Your understanding is correct for the most part. The thing that is throwing you off is the 'comma' operator I guess.

expression1, expression2, expression3

When you combine expressions with the comma, they are all evaluated from left to right, but only the last one's result is returned.

So (m=v, c+1) is first evaluationg m=v and then c+1 (which does nothing) but then return the result of c+1 to the outer context.

arr.reduce((c,v) => v>m ? (m=v, c+1) : c, 0)

Reduce takes a function as its first parameter. So all that

(c,v) => v>m ? (m=v,c+1):c

is the first parameter. That function has two paremeters. You are right the first parameter of the function in reduce is usually called the 'accumulator' but I am using it more like a counter here, so I happened to name it as 'c', and 'v' is the current value.

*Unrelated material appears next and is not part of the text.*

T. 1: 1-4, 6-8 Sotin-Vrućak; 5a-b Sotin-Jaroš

Reduce can take another (second) parameter after the function. That parameter is the start value of the 'accumulator' or 'count' which is 0 here. So reduce(myfunction, startValue) is the structure here. If we omit the startValue parameter the start value of accumulator will be the first element and it will continue with the second one.

arr.reduce( (c,v) => v>m ? (m=v, c+1) : c, 0)

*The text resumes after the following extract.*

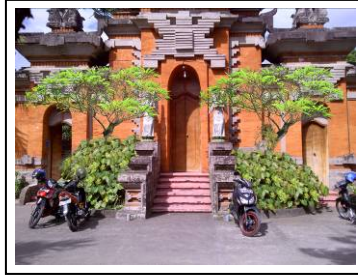
Gambar 7. Ilustrasi Rekomendasi Taman di Area Masuk GKSMIT

Sepanjang pintu masuk menuju bangunan utama GKSMIT terdapat dinding pagar. Area tersebut ditanam tanaman untuk memberi rasa nyaman bagi pengguna dengan komposisi Palem Putri, Begonia ( Begonia semperflorens ) dan Kembang Kertas ( Zinnia elegans ). Tujuannya untuk memperhalus perkerasan dari dinding pagar, sesuai dengan fungsi visual keindahan dari tanaman (Handayani, 2008).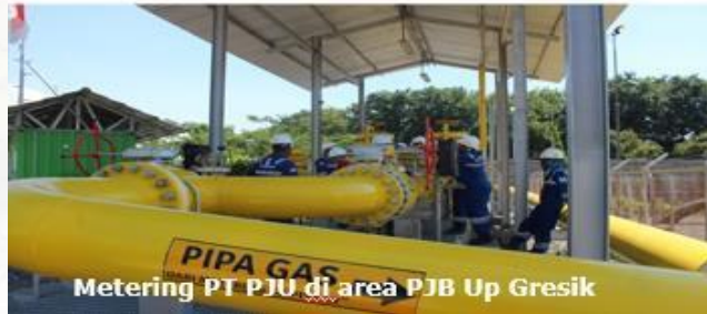
Metering PT PJU di area PJB Up Gresik

In the end, what this does is counting the times v > m (starting from zero) and pass that value as the accumulator of reduce while also updating the m (max) value using the comma operator.

For a person new to Javascript you understood it quite good I think. The fact is such obfuscated code should not be ever written in a professional setting to be honest. It is just for fun and practice here :)